Yes. Of course, this also means that Strings representing non-ASCII
filenames will *always* be nonsense on Mac OS X and other UTF8-based
> The problems will only appear once you start dealing with fallible or
> non-reversible encodings such as UTF-8 or ISO-2022.
In what way is ISO-2022 non-reversible? Is it possible that a ISO-2022
file name that is converted to Unicode cannot be converted back any
more (assuming you know for sure that it was ISO-2022 in the first
> Of course, it's quite possible that the only test cases will be people
> using UTF-8-only (or even ASCII-only) systems, in which case you won't
> see any problems.
I'm kind of hoping that we can just ignore a problem that is so rare
that a large and well-known project like GTK2 can get away with
ignoring it.
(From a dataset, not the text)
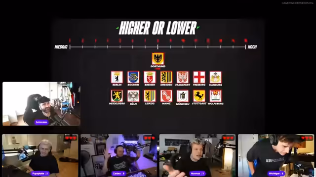 02:38:11Die erste Runde des Quizspiels konzentriert sich auf die All-Time-Peak-Zuschauerzahlen auf Twitch. Die Teilnehmer müssen mehrere Streamer anhand ihrer bekannten Höchstzahlen sortieren. Ein Streamer gibt eine vorgegebene Zahl (81.000 für Basti) vor, und die anderen müssen eingeschätzt werden, ob sie höher oder niedriger liegen. Während des Spiels kommt es zu Diskussionen über die genauen Zahlen und manche Spieler patzen bei ihren Schätzungen. Am Ende werden die korrekten Zahlen verkündet: IMAX mit 365.000, Knossi mit 336.000 und so weiter, bis Justin mit 34.000.

Also, IIRC, Java strings are supposed to be unicode, too -
how do they deal with the problem?
>> So we can't do Unicode-based I18N because there exist a few unix
>> systems with messed-up file systems?
> Declaring such systems to be "messed up" won't make the problems go
> away. If a design doesn't work in reality, it's the fault of the
> design, not of reality.
In general, yes. But we're not talking about all of reality here, we're
talking about one small part of reality - the question is, can the part
of reality where the design doesn't work be ignored?
For example, as soon as we use any kind of path names in our APIs, we
are ignoring reality on good old "Classic" Mac OS (may it rest in
piece). Path names don't always uniquely denote a file there (although
they do most of the time). People writing cross-platform software have
been ignoring this fact for a long time now.
I think that if we wait long enough, the filename encoding problems
will become irrelevant and we will live in an ideal world where unicode
actually works. Maybe next year, maybe only in ten years. And while we
are arguing about how far we are from that ideal world, we should think
about alternatives. The current hack is really just a hack, and I don't
want to see this hack become the new accepted standard.
Do we have other alternatives? Preferably something that provides other
advantages over a unicode String than just making things work on
systems that many users never encounter, otherwise almost no one will
bother to use it. So maybe we should start looking for _other_ reasons
to represent file names and paths by an abstract datatype or something?